Nuts Free Granola With Chopped Dates in a white bowl with wooden spoon.

With just a few ingredients and only 35 minutes of your time, you can make 6 cups of delicious nut-free granola that is:

  • Affordable: Save money by using pantry staples.
  • Customizable: Tailor the ingredients to your taste.
  • Healthy: Control the quality and quantity of the ingredients.

This nut free granola recipe is part of my growing Breakfast and Brunch collection of recipes you can find on my blog. If you are a breakfast eater, you might also find some other interesting recipes, like this Blueberry Buttermilk Muffins, Easy Ham And Cheese Overnight Breakfast Strata, or this Easy Scrambled Eggs With Tortilla (Mexican Migas).

I love making homemade granola. I always have bags of different types of grains, cereals, and dried fruits, along with other ingredients, in my pantry, ready to use for my next projects. I also like to see and control what goes into my food.

If you ever thought that making granola at home was complicated, I’m here to show you that it’s not true. Granola recipes are very easy to make. They usually require you to mix dry ingredients with wet ones and then bake the mixture to produce a crispy, delicious treat.

This nut-free granola recipe is perfect for those who want to avoid nuts in their diet or are simply looking for a different version of the usual nut-filled granola. Let’s look at the ingredients you’ll need for this recipe.

Basic Ingredients

Ingredients collage for Nut Free Granola recipe.
  • Old-fashioned oats: Old-fashioned oats, also known as rolled oats, are whole oat grains that have been steamed and then rolled into flat flakes. This makes them ideal for a variety of recipes, such as oatmeal, granola, and baked goods.
  • Barley flakes: These are whole barley grains that have been steamed, rolled, and flattened, similar to rolled oats, and are often used in cereals, granola, and baking. If you cannot find them, replace them with more oats or rye flakes.
  • Seeds: For added nutrition, use sunflower seeds, pumpkin seeds, or a mixture of both. You can also choose chia seeds, flaxseeds, or hemp seeds.
  • Vegetable oil
  • Honey: Honey is my choice for this recipe, but you can also use maple syrup instead or agave nectar.
  • Vanilla extract
  • Dried Dates: I chose dates for their naturally sweet flavor and texture, but you can also add/include raisins, cranberries, apricots, or any dried fruit you like.

Possible Variations

  • Flavorings: Add a touch of cinnamon, nutmeg, or cocoa powder for extra flavor.
  • Coconut: Unsweetened coconut flakes can add a nice texture and sweetness.
  • Crispy Additions: Mix in crispy rice cereal or toasted quinoa for extra crunch.

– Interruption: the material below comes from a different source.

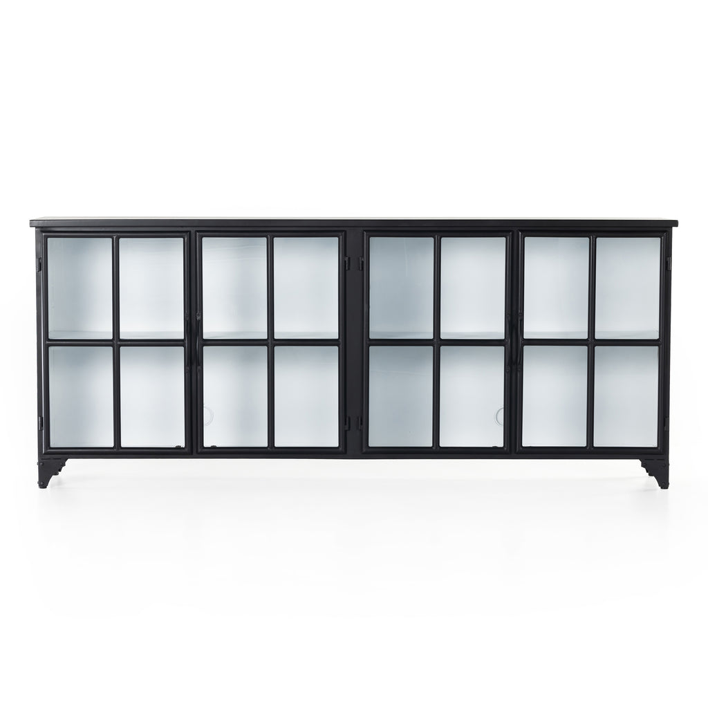The Camila Sideboard from Four Hands brings a touch of modern luxury to your interior space with its distinctive blend of industrial iron and a contemporary white interior. Its distressed black iron frame adds a unique touch of character, while the windowpane doors and ample interior shelving provide maximum versatility for storing and displaying your personal items.

How To Make This Nut-Free Granola

Step 1. First, preheat your oven to 350°F and lightly coat a 13×9-inch baking pan with nonstick cooking spray.

Step 2. In a large bowl, mix together the oats, barley flakes, and seeds.

Dry ingredients for nut free granola in a glass bowl.

Step 3. In a separate, smaller bowl, whisk together the oil, honey, and vanilla.

Step 4. Pour this honey mixture over the oat mixture, stirring until everything is well combined. Spread the mixture evenly in your prepared pan.

Pouring wet ingredients over dry ones for granola.

Step 5. Bake for about 25 minutes, making sure to stir frequently after the first 10 minutes to ensure even toasting.

Step 6. Once the granola is nicely toasted, stir in the dates while it’s still hot.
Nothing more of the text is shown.